Draco glared at the parchment in front of him.

'What have house elves done for me?' the title proclaimed in scratchy black ink. Beneath it 'fuck all' had been scored out angrily and a list now spanning over two feet followed in unpractised scrawl.

He'd been in prison longer than he cared to remember, it must be edging on three years now, and this was the first time he'd held a quill. (High Security prisoners were not allowed even so much as an annual letter home.)

"Finished? You've had two hours."

He grunted in response.

The old woman clapped her hands together, "Well then, read it out, boy!"

He resisted the urge to whine, 'but it's long!' and instead picked up the sheet.

"Fine. One. Birth, they looked after my mum and stuff, though there was a mediwitch to look after me…"

"Well done, that's the one most people have been forgetting."

"Two. Cooking. Breakfast, lunch and dinner and any snacks in between."

"Yes."

"Cleaning. The whole Manor, including all the tunnels we didn't really have mapped. Three. Gardening and general maintenance of the grounds…"

"Any more?"

He glared at her. "Four. Sweeping the chimney and looking after the owls."

"Yes."

"Five. Making the beds and tidying my room."

"Ha!"

"Six. Cleaning our clothes. Seven. Lighting the fires. Eight. Decorating the house at Christmas and wrapping the presents."

"Mhmm."

"Look, it's a long list, I get it. Can I go now?"
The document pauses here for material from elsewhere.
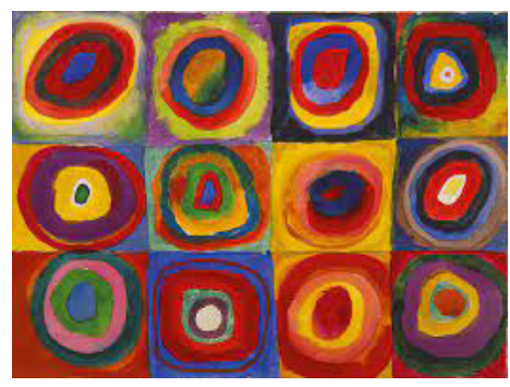
Color Study, Squares with Cocentric Circles (1913)

Composition with Large Red Plane, Yellow, Black, Grey and Blue (1921)

"Nope. Orders are orders and the boss was very specific that you were to read the entire list."

"Then what?"

"Well, if I, as your supervisor, am satisfied then you're onto Stage Two, Mr Malfoy, Magical Rehabilitation: Practical Level. I know personally that she had a lot of fun planning that section of the program."

"I don't like the way you're grinning."

"You don't need to, get on with that list. This is practically an exam, you do realise that?"

"Yeah, yeah."

-

A number of hours later found Draco lounging against the bars of his cell reading in monotone.

"Four-hundred-and-sixty-three. Watering the houseplants and cleaning out the greenhouses. Four-hundred-and-sixty-four. Maintaining tapestries and portraits."

"Yes?"

"Four-hundred-and-sixty-five. Mucking out the stables. Four-hundred-and-sixty-six. Looking after and grooming the winged horses…" He looked up. "That's it. End of list."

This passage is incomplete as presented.